There remains much we don’t know about what influences risk perception, especially in youth, and the multi-level influences on behavior and health. Currently, the majority of youth HIV prevention programs operate on a series of overlapping assumptions: that young people are able to assess their own risk and know their risk status; that their individual perceptions of risk fit with program definitions of risk; that young people identify as belonging to an “at-risk” population; and that young people are suitably skilled, resourced, and empowered to access relevant services or attempt behavioral changes. As we work toward effective HIV prevention for young people, we also need to consider the following:
- Adolescent risk behavior is often less fixed than adult behavior.
Sex and drug use are sometimes experimental and might not continue. Sometimes young people might try something just to see what it’s like—it might be risky but it’s not permanent.
- Young people are less likely to identify as a member of a high-risk or at-risk group.
- Young people are more easily exploited and abused.

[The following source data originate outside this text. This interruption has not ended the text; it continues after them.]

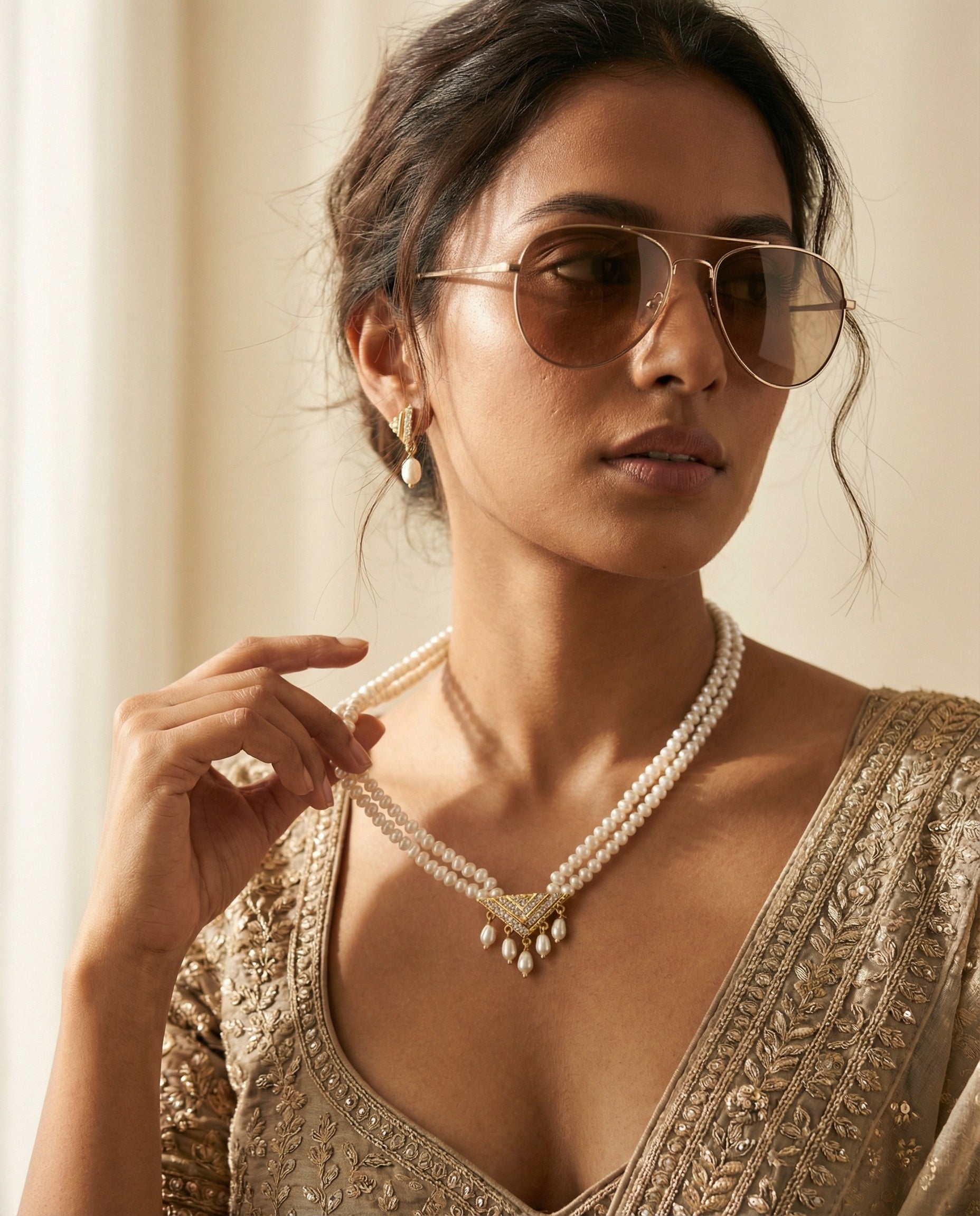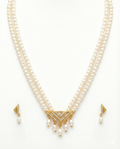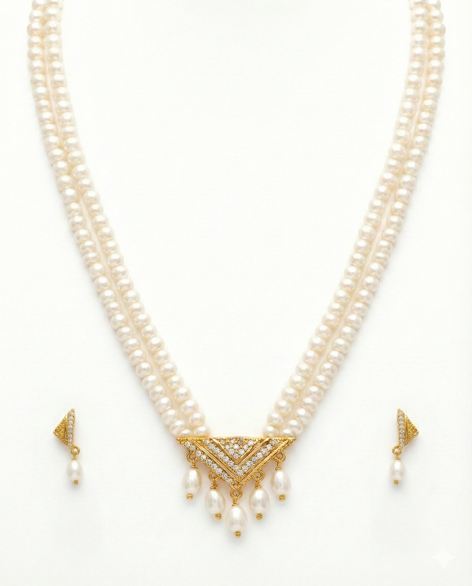 Capture the essence of modern royalty with this exquisite Double-Strand Pearl Jewellery Set. This coordinated suite, featuring a dramatic necklace and matching drop earrings, balances the soft lustre of traditional pearls with bold, gold-tone architectural elements and sparkling pavé accents.
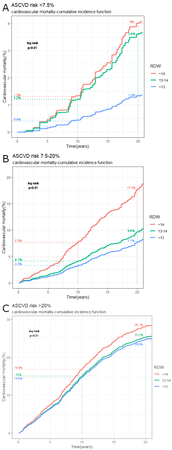 Our study demonstrated that an increase in RDW greater than 14 was associated with significantly increased cardiovascular mortality in all ASCVD risk groups using the NHANES III database between 1988–1994, especially in the low and the intermediate-ASCVD risk cohort where RDW had the highest impact. Therefore, RDW may be a potential risk enhancer, similar to hs-CRP and in lieu of hs-CRP, especially for the intermediate-ASCVD risk population of people in the United States. An elevated RDW believed to be related to inflammatory and oxidative stress factors may become clinically helpful to further risk stratify individuals for cardiovascular mortality in conjunction with the use of the ASCVD risk assessment. Further validation of our study results is required.
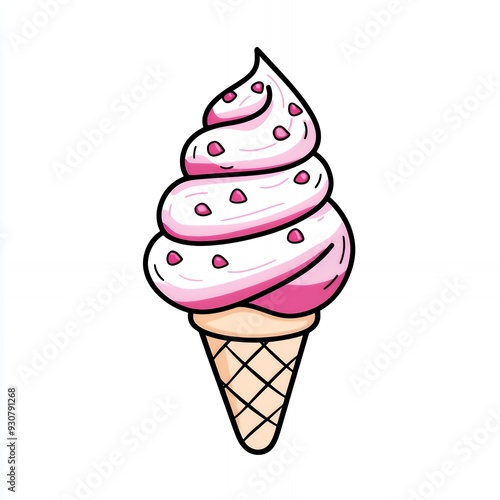 A colorful ice cream cone with pink swirls and sprinkles, perfect for dessert lovers.
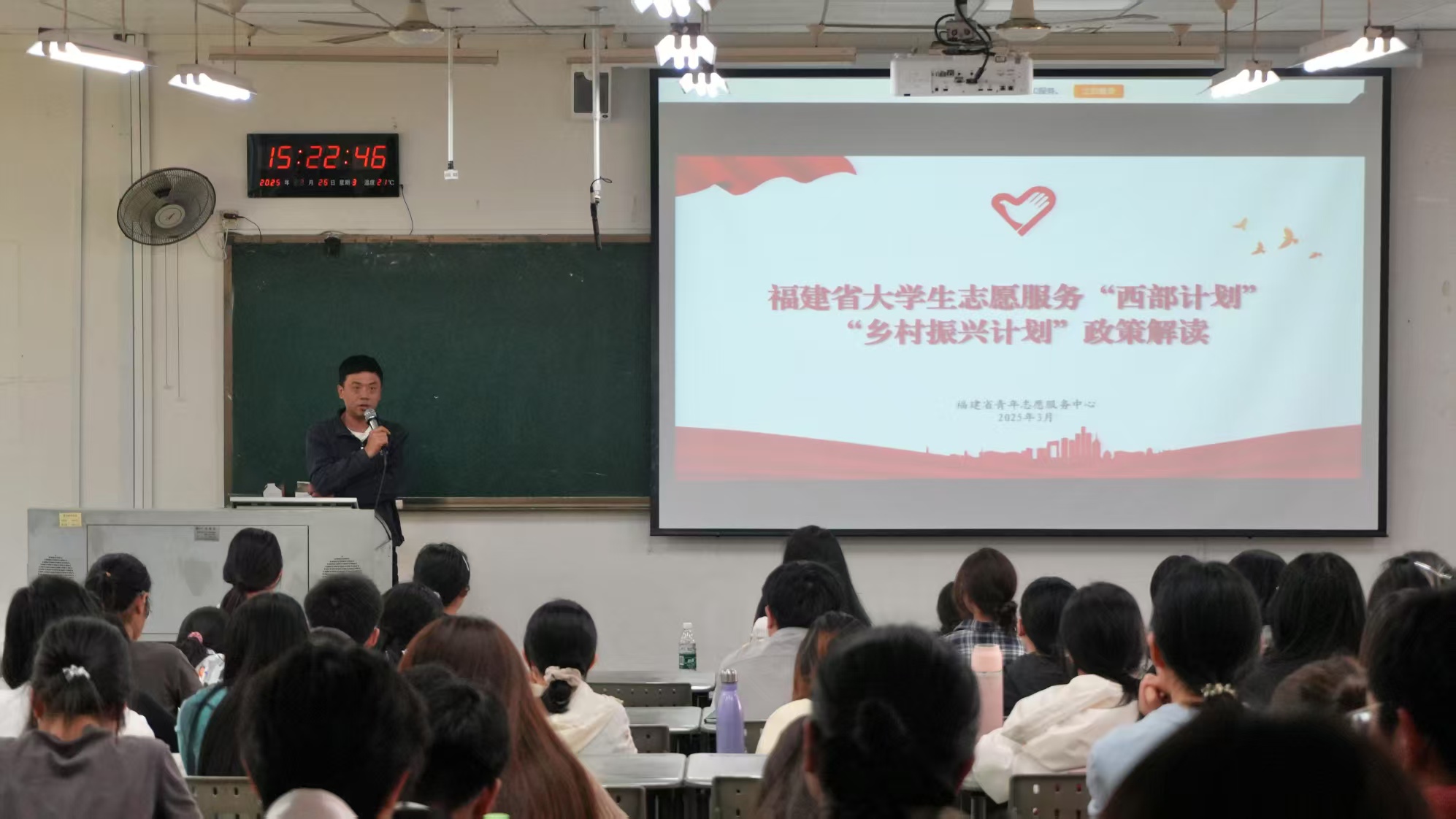 2、3月26日,校团委于旗山校区立诚楼1-104教室举办“以青春之名,赴西部之约”2025年大学生志愿服务西部计划宣讲会,旨在引导青年学子响应国家号召,投身西部建设。会上,三位往届西部计划优秀志愿者代表分享服务经历。福建省青年志愿者协会秘书长陈李聪老师详细解读西部计划的招募信息和报名流程并为同学们答疑解惑。此次宣讲会让同学们对西部计划有更深入的了解,引导更多青年学子把个人理想融入国家发展。

Getting clients [of sex workers] to use condoms is very difficult because the clients have all the power. When you first start working, you don’t even know what you’re entitled to, what your rights are, how to negotiate safety, where to get advice. Sometimes clients are violent, and for young people with less experience, it’s hard to know how to get out of the situation safely.
- Young people are often less willing to seek out services.

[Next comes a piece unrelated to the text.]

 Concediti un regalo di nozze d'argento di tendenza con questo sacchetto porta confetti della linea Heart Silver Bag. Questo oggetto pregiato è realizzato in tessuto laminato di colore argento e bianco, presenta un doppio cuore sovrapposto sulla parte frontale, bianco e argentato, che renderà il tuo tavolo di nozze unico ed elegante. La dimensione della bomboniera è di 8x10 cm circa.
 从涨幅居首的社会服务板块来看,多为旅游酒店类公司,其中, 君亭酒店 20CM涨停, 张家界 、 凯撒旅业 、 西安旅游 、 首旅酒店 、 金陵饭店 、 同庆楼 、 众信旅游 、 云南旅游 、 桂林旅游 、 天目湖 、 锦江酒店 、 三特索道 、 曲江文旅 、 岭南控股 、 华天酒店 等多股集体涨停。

Even if you know you need to see the doctor or need some advice, actually knowing where to go can be a barrier for some young people. But also, some things are illegal, like pre-marital sex, and so young people worry that if they go to a health service they might get in trouble or they worry that their parents will be informed and they worry they will bring shame to the family.

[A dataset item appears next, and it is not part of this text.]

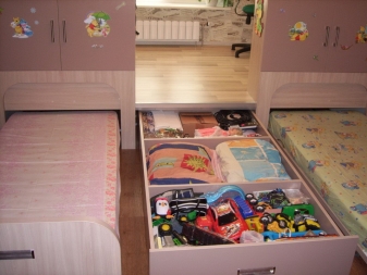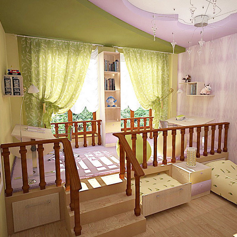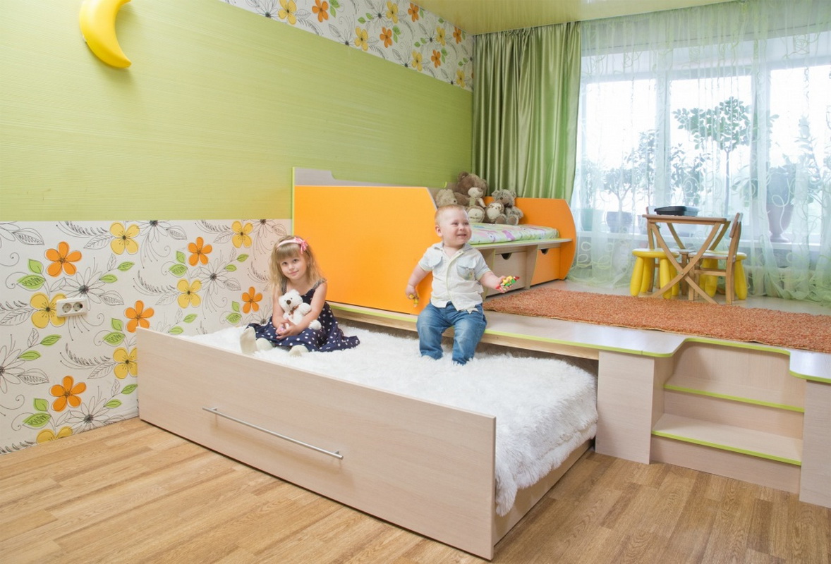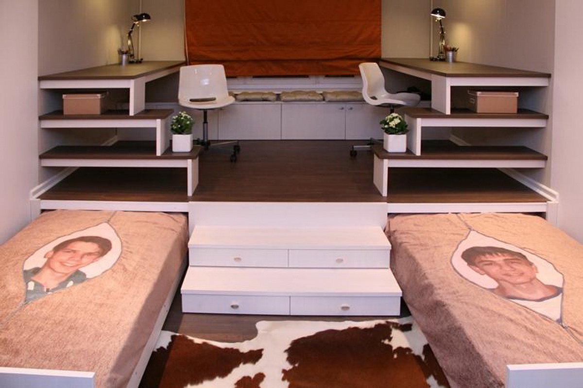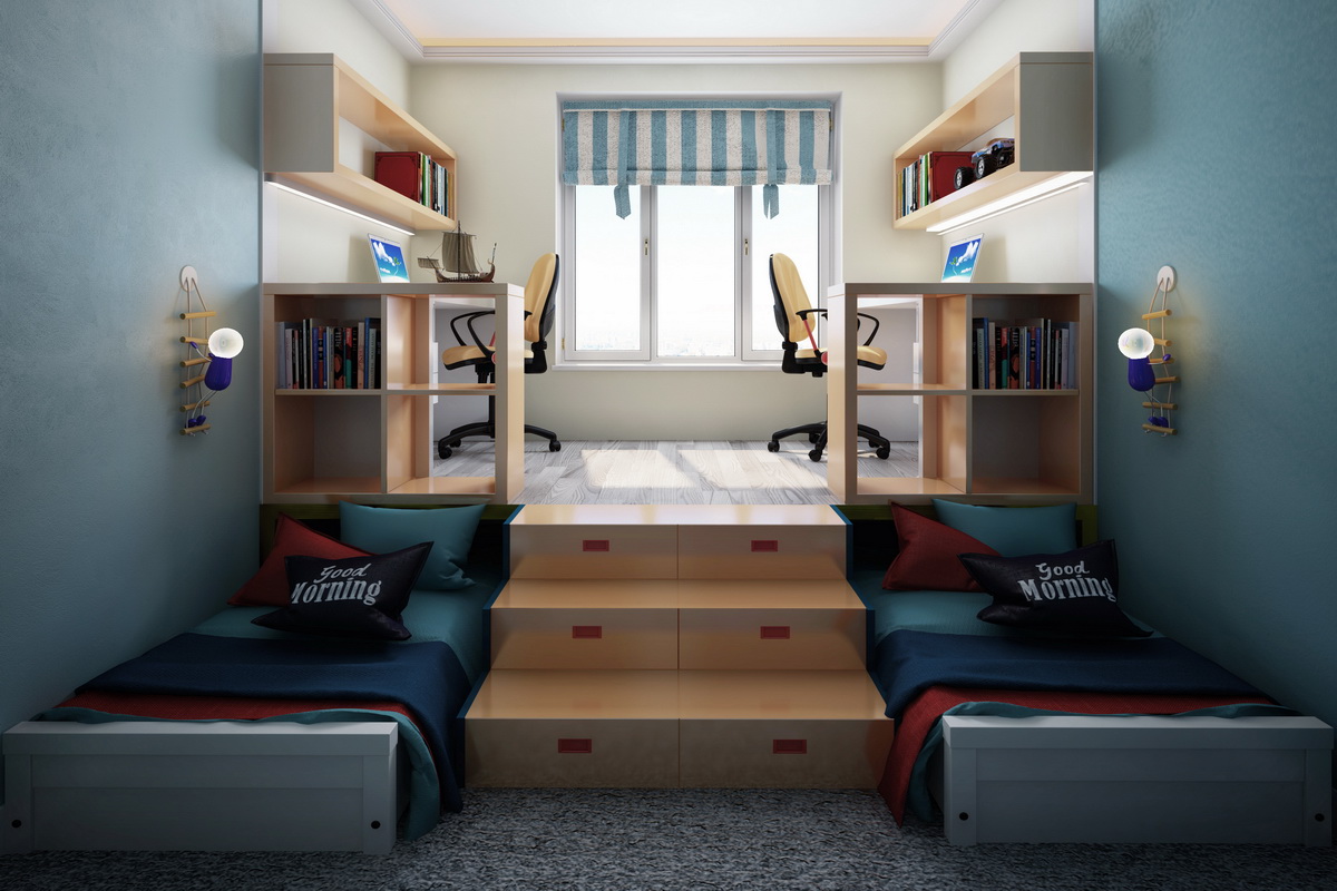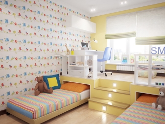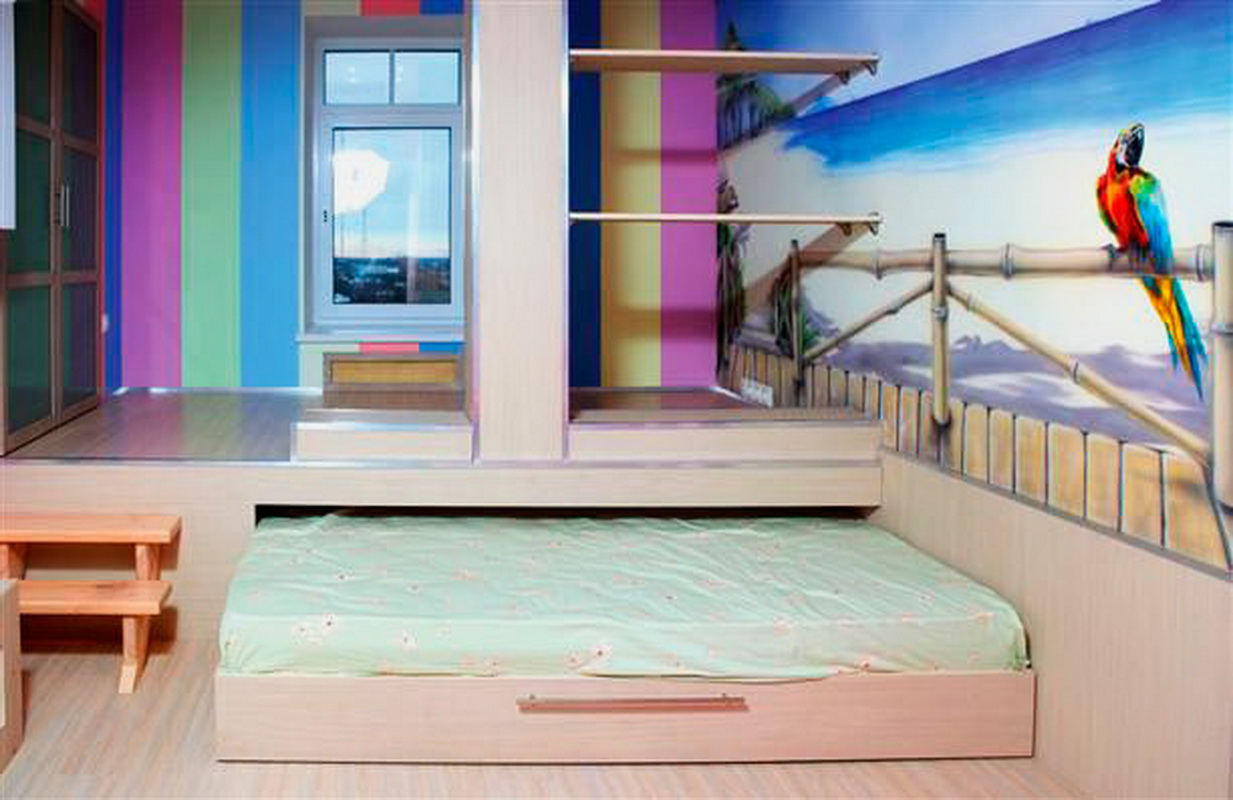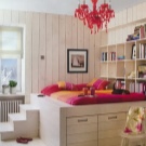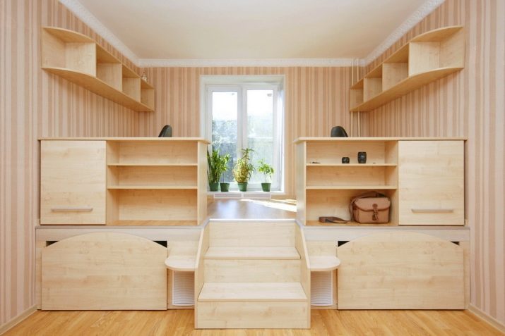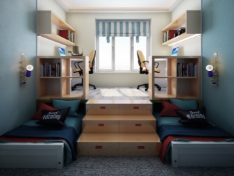 The option with built-in beds is very convenient if there are two children in a family. Berths in the form of vertically withdrawable beds symmetrically arranged to the left and right of the podium., the steps are in the middle, and at the top there is a kind of room with a working area. During the day, beds are put inside, and thus space for two in the room becomes quite enough. In this case, the podium itself looks quite high and will have at least two orThree steps, which can also be used with benefit, having built in them convenient boxes for storing children's things.

Aceh Partnerships in Health
The 2006-2008 Aceh Partnerships in Health (APiH) Facility was a health program designed to develop the capacity of local organizations to deliver quality health services. The first phase of the program commenced in February 2006. The facility focused on HIV, adolescent health, disability, policy, mental health, and organizational development. Phase two and phase three of this program continue its work in adolescent health, with a special focus on including HIV prevention in preparation for a coordinated provincial HIV response; HIV prevention among most-at-risk young people (particularly young transgender sex workers, young female sex workers, male street youth, and young drug users); design and implementation of the Life Skills in Schools Program; and a life skills out-of-school program. For further information: click here.
Peer educators: The youth-friendly medical clinic is co-located with a youth drop-in center (considered the headquarters for the peer education groups) and linked to the peer education programs. Together they provide a safe and supportive environment for young people, helping to increase clinic access, fostering positive peer/adult relationships, building HIV knowledge and communication/negotiation skills, and strengthening protective factors for young people. There are four main groups of peer educators connected to this program. All are actively working in Aceh Province in Indonesia. These young people are critical to the success of the program.
All young people involved in this story have given their consent (for photos and narrative). Names have been changed to protect their identity.